==== Recorded data ====

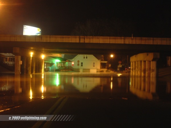 The Kanawha and Elk Rivers crest at a record height during a flood event in Charleston, West Virginia on November 20, 2003, submerging parts of Garrison Avenue. Image from 4.7MP digital camera.
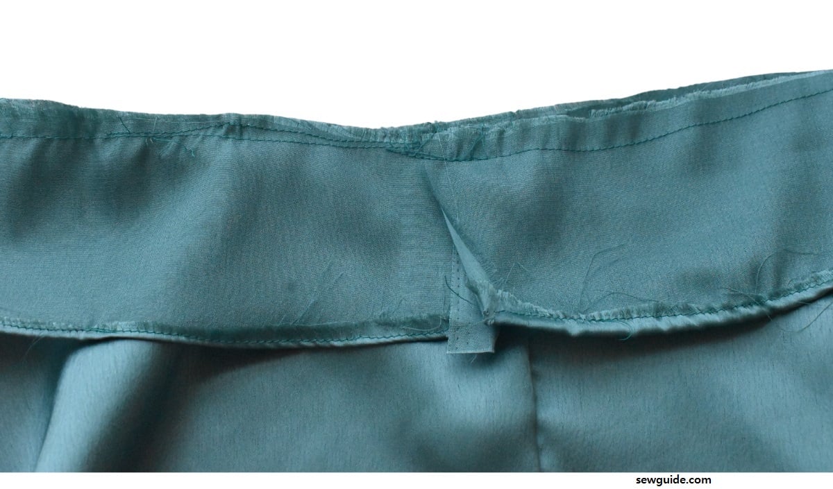 As you sew, ensure that the waistband seam edges are enclosed inside the waistband. They should not peek to the outside – this will be an untidy look.
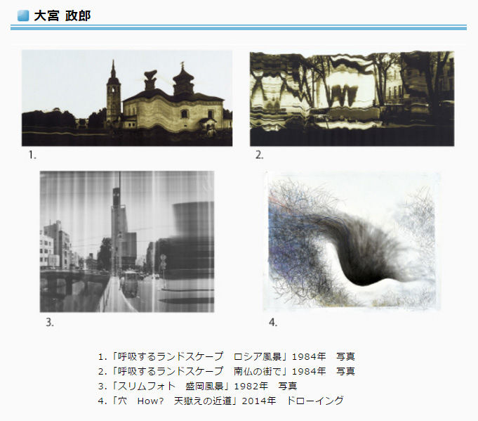 大宮政郎は、1960年代の岩手県における前衛的な芸術活動に始まり、その後は知覚の在り様と変化について、移動的視点による「人動説アート」を展開し、ドローイング、版画、立体、写真と多彩な表現を通じ、実験と思索を繰り返しながら制作を続けました。今回は大宮が1980年代に取り組んだ独特な空間意識を写真表現に反映した「呼吸するランドスケープ」「スリムフォト」シリーズ、および新作のドローイング作品を紹介します。

====

Exercise objective. For this exercise, retype the data above exactly and skip every image.

Response below.
 The Kanawha and Elk Rivers crest at a record height during a flood event in Charleston, West Virginia on November 20, 2003, submerging parts of Garrison Avenue. Image from 4.7MP digital camera.
 As you sew, ensure that the waistband seam edges are enclosed inside the waistband. They should not peek to the outside – this will be an untidy look.
 大宮政郎は、1960年代の岩手県における前衛的な芸術活動に始まり、その後は知覚の在り様と変化について、移動的視点による「人動説アート」を展開し、ドローイング、版画、立体、写真と多彩な表現を通じ、実験と思索を繰り返しながら制作を続けました。今回は大宮が1980年代に取り組んだ独特な空間意識を写真表現に反映した「呼吸するランドスケープ」「スリムフォト」シリーズ、および新作のドローイング作品を紹介します。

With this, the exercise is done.